A Coronation Display was put on at Raglan Barracks, Devonport, on Friday June 5th 1953.
One of the oldest vehicles to be taken over when the City of Plymouth Fire Brigade was formed was DR 7555, a Dennis Hatfield 50hp with a 35 feet escape ladder. It had cost £1,350 when new in 1930 and it was disposed of in 1951 to Mr C A Nobbs of Plymouth. It had apparently been stationed at the Catherine Street Fire Station until the move to Greenbank.
Crownhill Fire Station was officially opened on Thursday April 23rd 1959.
In 1961 the old turntable ladder was replaced with a new AEC Mercury with 100 foot Merryweather automatic ladder costing £12,000.
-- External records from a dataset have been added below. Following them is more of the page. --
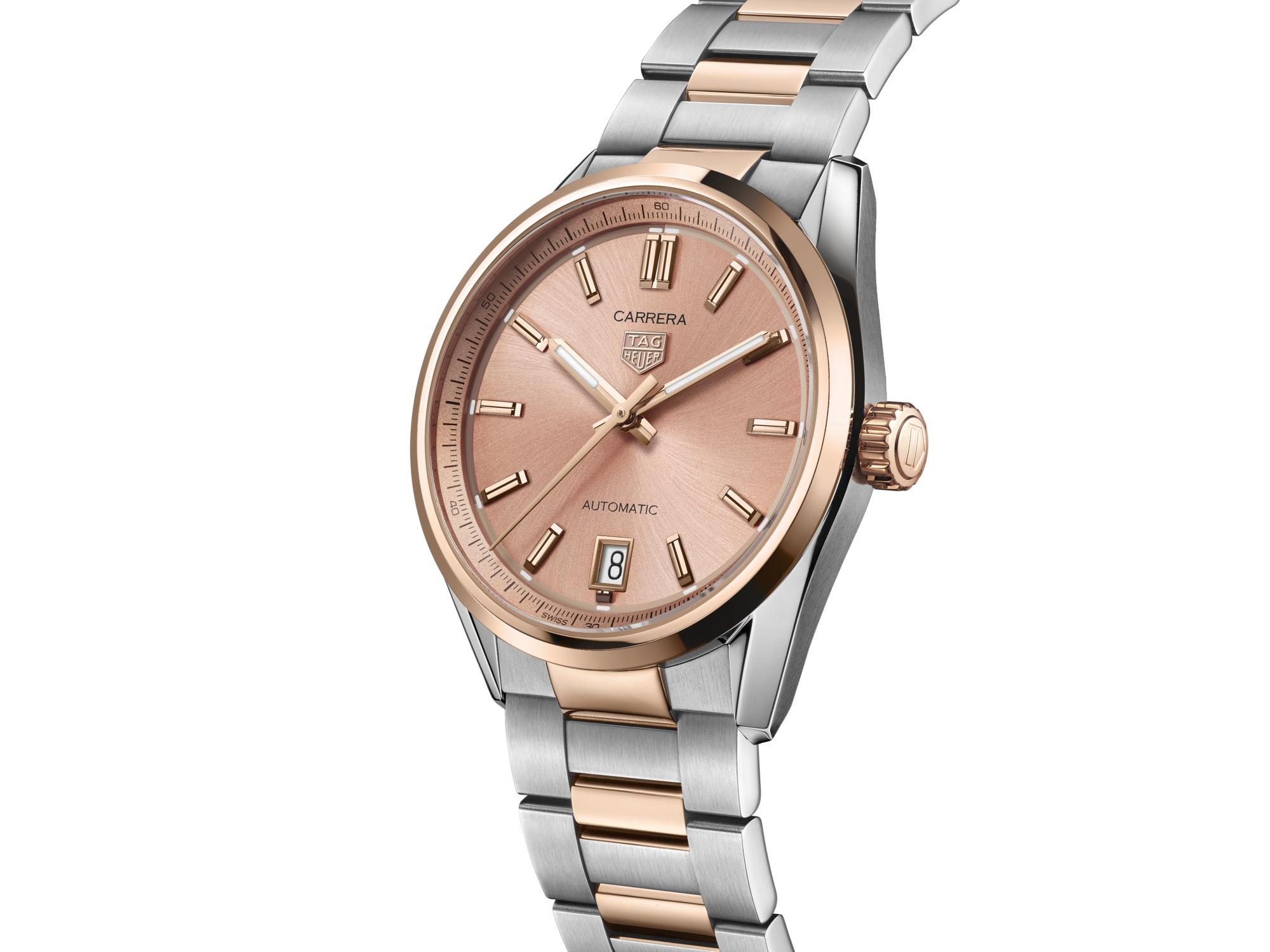 Automatic, 36 mm, Steel WBN2350.BD0000Encapsulating the essence of sophistication, this luxurious 36mm TAG Heuer Carrera Date distills the subtle elegance of the copper-like tones of its snailed-brushed dial with a silhouette that echoes the collection's storied heritage of speed and luxury.
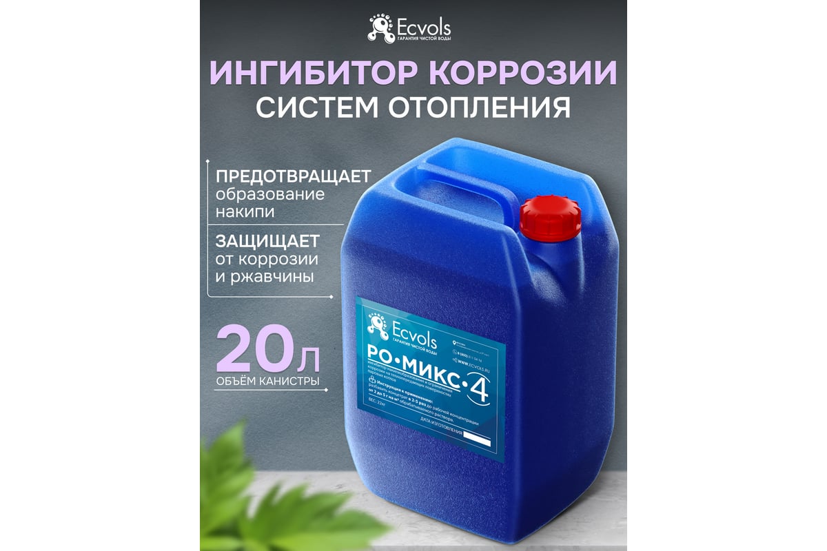 Ингибитор накипеобразования и коррозии систем отопления Ecvols РО-Микс-КО-4, 20 л, 22 кг 00.00011649 предотвращает образование накипи (удаление накипи, чистка от накипи) и защищает от коррозии (защита от ржавчины).
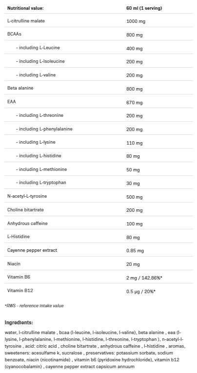 Защо LOCO ENERGY & SPEED? LOCO SHOT ENERGY & SPEED е рецептата, която всеки спортист трябва да даде на 100%, като същевременно поддържа умствена яснота LOCO SHOT ENERGY & SPEED съдържа трио от съставки, които подобряват представянето в почти всяка спортна сфера: L-цитрулин малат, BCAA и бета-аланин. Подпомагането на секрецията на ATP (мускулна енергийна единица), подобряването на мускулното кръвоснабдяване и увеличаването на мускулната издръжливост от тренировка на тренировка са ключът към отключването на пълния ви тренировъчен потенциал. Енергията – не под формата на стимулация, а като гориво за работещите мускули е резултатът, който искахме да постигнем, когато създавахме този продукт. Осигуряването на ключови съставки за мускулната работа определя дали тялото ви ще може да генерира подходяща енергия на клетъчно ниво и да ви даде 100% мощност! Високото съдържание на незаменими аминокиселини в продукта подпомага мускулната функция, има антикатаболен ефект и подпомага регенерацията след тренировка, което е изключително важно за всеки спортист. Комбинацията от съставки, поддържащи нервната система, е това, което отличава LOCO ENERGY & SPEED от другите предтренировъчни добавки. От стимулиращи ефекти до невротрансмитерна подкрепа. Комплексният подход за оптимизиране на функционирането на нервната система по време на тренировка е изключително важен – особено в дисциплини, които изискват скорост. Скоростта, с която електрическите импулси се предават между невроните и мускулните клетки, определя момента, в който настъпва мускулната контракция. Благодарение на съставките, съдържащи се в LOCO ENERGY & SPEED, този процес протича по-ефективно, което от своя страна води до по-кратко време за реакция. Благодарение на това вашите мускули ще могат да работят с части от секунди по-бързо, но често именно части от секунди решават за победата Тирозин и холин са комбинация, която ефективно влияе върху правилния синтез на невротрансмитери, благодарение на което информацията между мозъка и мускулите се предава много по-бързо. Това е от решаващо значение за скоростта на реакция. Но тирозинът заедно с екстракт от горчив портокал намалява чувството на умора и стимулира, което ви позволява да продължите да тренирате с максимална скорост. Интензивната физическа активност с продължителност от няколко до няколко десетки минути е елемент от повечето спортни дисциплини. През това време мускулите работят усилено, кръвоносната система работи на пълни обороти, а умът е принуден да полага максимални усилия. Основата за изготвянето на уникалната рецепта LOCO ENERGY & SPEED беше да поддържа тези много сложни процеси. Създадохме продукт, който чрез действието на L-цитрулин подпомага доставката на хранителни вещества, използвайки аминокиселини BCAA и EAA , подпомага функцията и регенерацията на мускулите. Уникалната комбинация от тези аминокиселини с витамини от група В поставя ума в състояние на необезпокоявана концентрация, така необходима по време на тренировка. Начин на употреба: използвайте 1 порция (60ml) преди тренировка. Разклатете преди употреба. Не превишавайте 2 порции на ден (120ml).
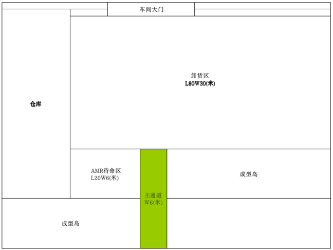 如果AMR 所在环境空旷,则激光雷达则不能观测到周围环境轮廓,进而导致定位失败。图2-2是某工程机械结构件 车间的布局示意图。
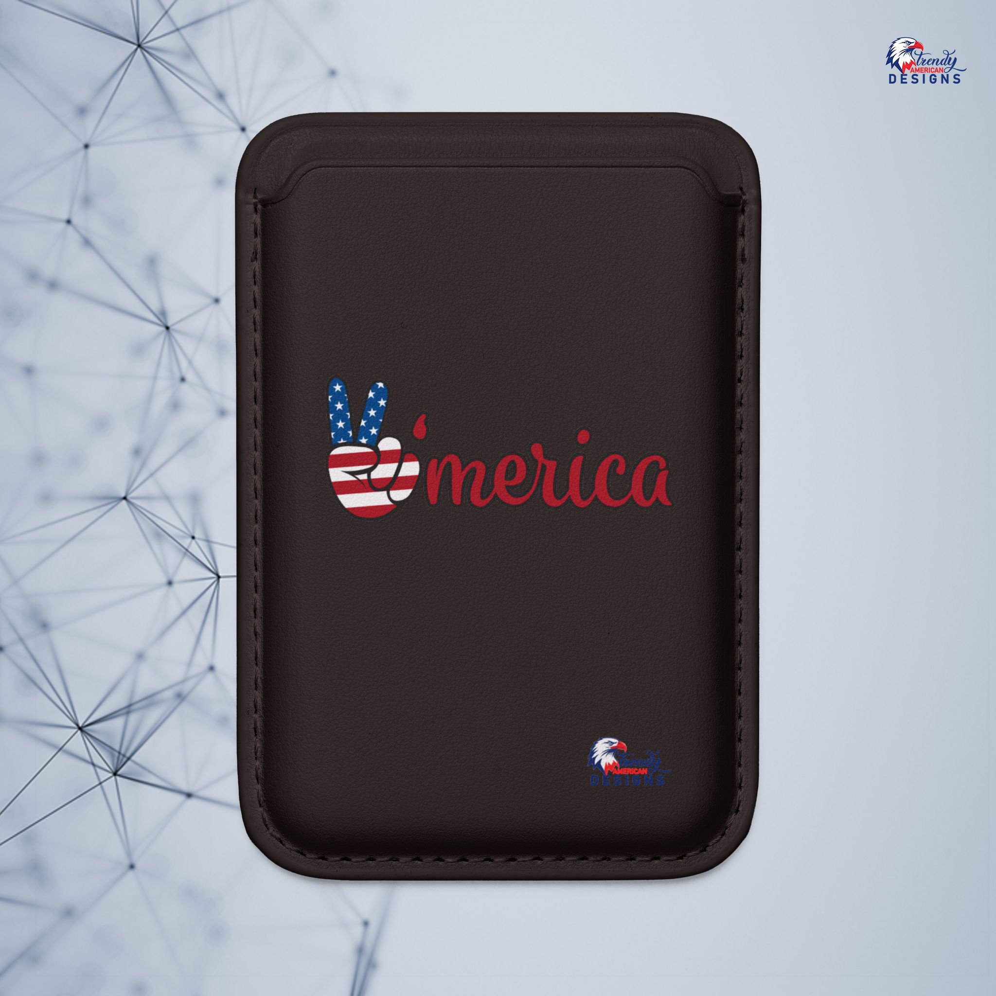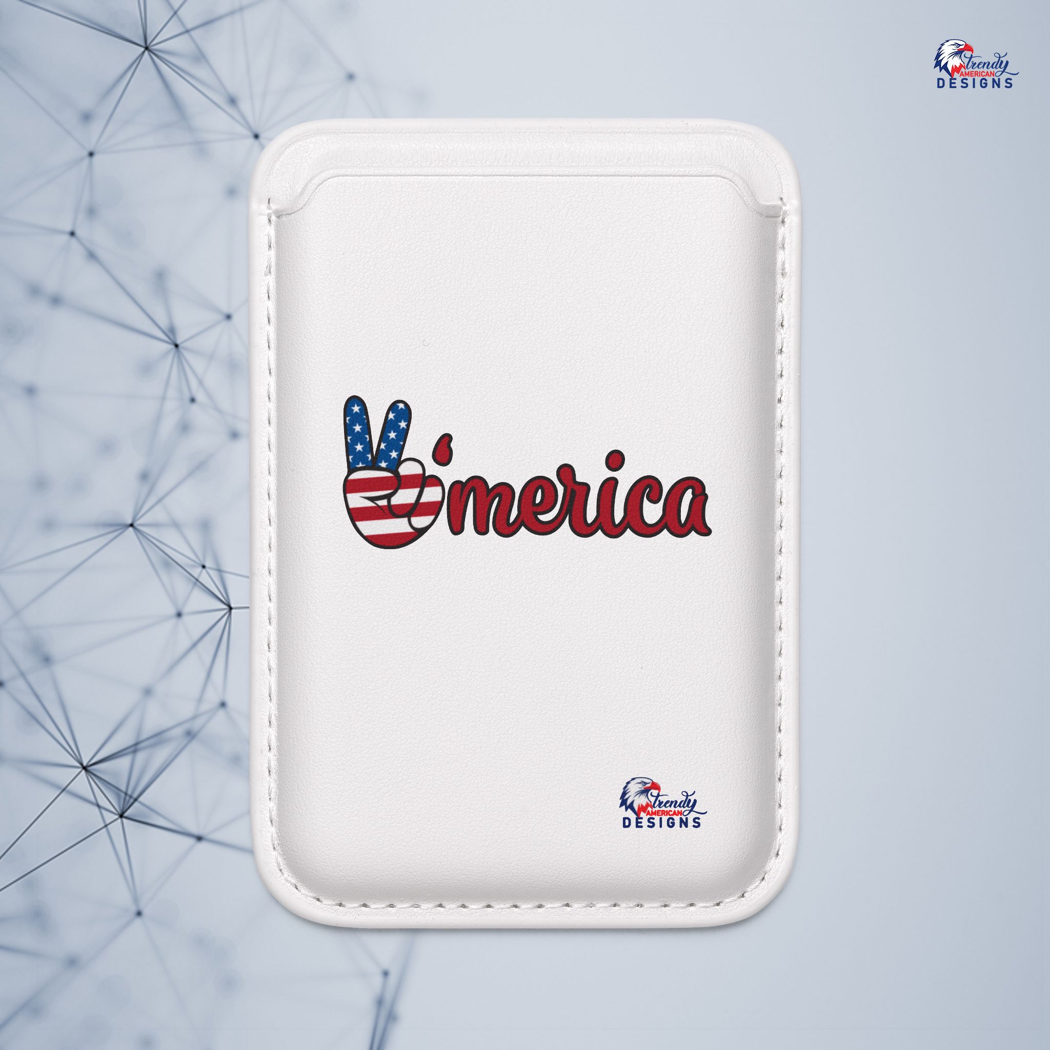 A slim, vegan PU leather MagSafe wallet that adds a dash of playful patriotism to your everyday carry. The front shows a bright, crisp printed design with a hand-sign ’V’ rendered in Stars-and-Stripes pattern and matching script — cheerful and unmistakable on either a white or black vegan leather base. It snaps to MagSafe-compatible phones with a quick-release magnet and holds up to two cards securely while keeping your device pocketable and light. The soft, slightly padded exterior protects against scratches while the low-profile silhouette slides easily into a jacket or jeans pocket. This wallet is for people who like functional minimalism with personality — for weekend parades, summer cookouts, or the everyday commute when you want your essentials close and your style turned up.
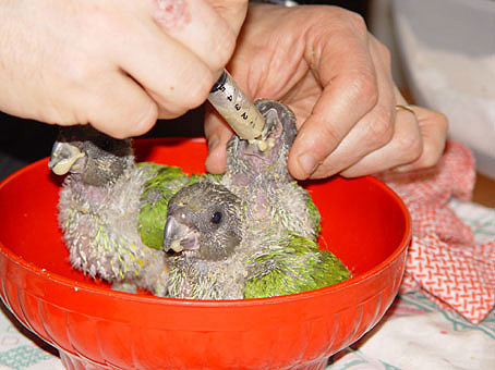 Come “pappa” usai la Pretty Bird Hand Rearing Formula (protein-fact 19/12) adatta ai pappagalli africani.I piccoli avevano circa sei giorni e necessitavano ancora delle imbeccate notturne, che sono le più difficili da dare, visto che tutti in famiglia lavorano e che il risveglio forzato notturno comporta dei sacrifici, ma che vengono sempre ripagati. Importante è acquisire esperienza con la temperatura dell’acqua da miscelare alla pappa
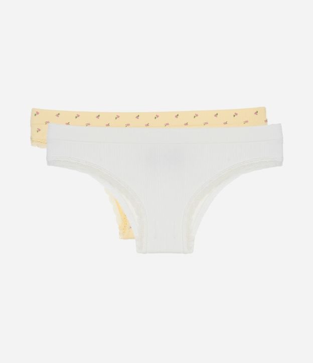 Kit 2 Calcinhas Biquíni Sem Costura com Estampa Floral Branco/Amarelo
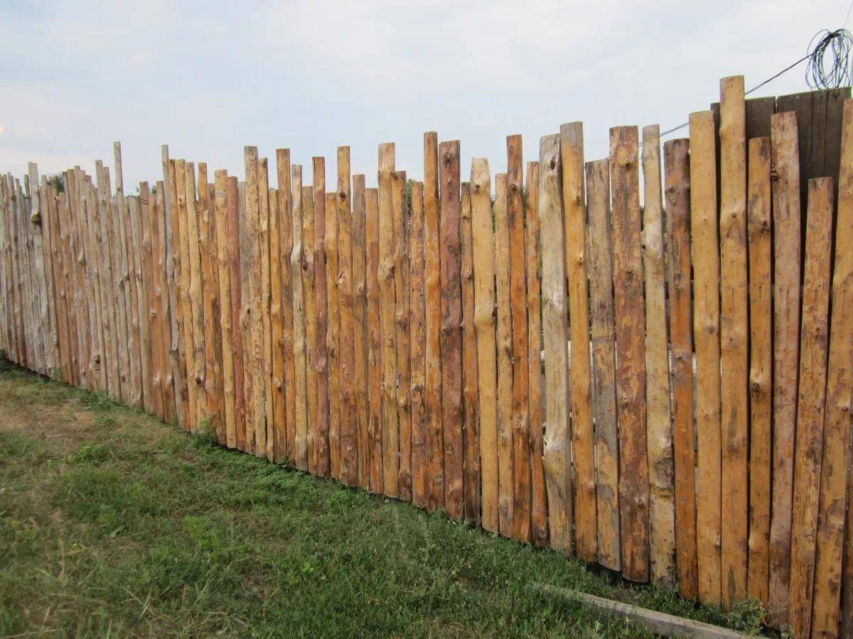 Из древесины выгоднее воспользоваться горбылем, цена на который раза в 4 меньше, чем на обрезную доску. Только понадобится самостоятельно очистить округлую сторону от коры. При монтаже верхний край намеренно стоит оставить неровным — так он выглядит лучше.

Mr George Dury OBE MBE QFSM retired in July 1962 after 51 years in the fire service. His replacement was Mr Ralph Havery.
Camel's Head Fire Station was officially opened on Wednesday January 6th 1965.
On Saturday October 22nd 1966 the Fireboat "Iris" was renamed the "Cissie Brock", after Mrs L A Brock the first Lady Chairman of a Watch Committee in the country.
As from Saturday April 1st 1967 the City took over the day-manned Plymstock Fire Station and the retained Plympton Fire Station.
The Dockyard Fire Brigade was disbanded and the function transferred to the City in 1969.
Arrangements were already in place for the City of Exeter Fire Brigade to merge with the Devon County Fire Brigade on Tuesday May 1st 1973 and as Mr Havery was to be appointed the Chief Fire Officer of the new Devon Fire Brigade, it was decided to merge the City of Plymouth Brigade in to the new organisation, twelve months before it would have been required under the Local Government Act reorganisation in 1974. This became the Devon Fire and Rescue Service from January 1st 1987 and the Devon and Somerset Fire and Rescue Service on April 1st 2007.
During 2004 the Greenbank Fire Station was relocated to the approach road to Mast House, Sutton Road, Coxside, while the old Station was demolished and a new one built. It was reopened in June 2006.